**GIVEN INFORMATION:**
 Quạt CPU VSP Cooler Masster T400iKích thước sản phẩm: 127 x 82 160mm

...

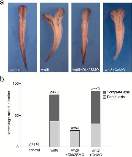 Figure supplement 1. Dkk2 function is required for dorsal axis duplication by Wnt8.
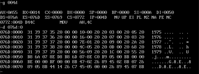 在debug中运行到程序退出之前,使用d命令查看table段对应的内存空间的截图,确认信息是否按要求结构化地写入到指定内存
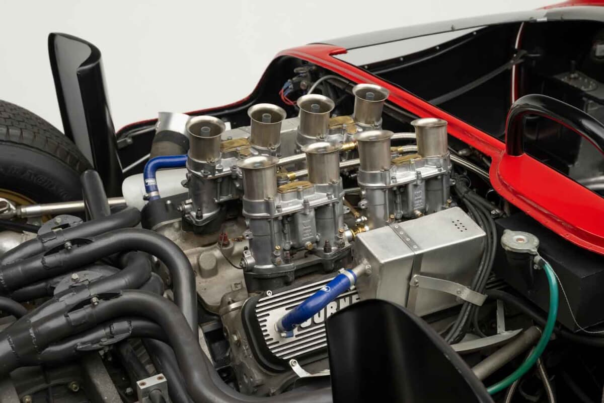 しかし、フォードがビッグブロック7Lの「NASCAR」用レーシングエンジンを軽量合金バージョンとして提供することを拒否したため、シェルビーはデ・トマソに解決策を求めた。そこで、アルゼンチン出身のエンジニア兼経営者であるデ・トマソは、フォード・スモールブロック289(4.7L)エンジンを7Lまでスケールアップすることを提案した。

**ABOUT THIS EXERCISE:** Starting at the line that contains "Figure supplement 1." and ending at the line that contains "しかし、フォードがビッグブロ", transcribe the material above exactly, excluding pictures.

**EXERCISE RESPONSE:**
 Figure supplement 1. Dkk2 function is required for dorsal axis duplication by Wnt8.
 在debug中运行到程序退出之前,使用d命令查看table段对应的内存空间的截图,确认信息是否按要求结构化地写入到指定内存
 しかし、フォードがビッグブロック7Lの「NASCAR」用レーシングエンジンを軽量合金バージョンとして提供することを拒否したため、シェルビーはデ・トマソに解決策を求めた。そこで、アルゼンチン出身のエンジニア兼経営者であるデ・トマソは、フォード・スモールブロック289(4.7L)エンジンを7Lまでスケールアップすることを提案した。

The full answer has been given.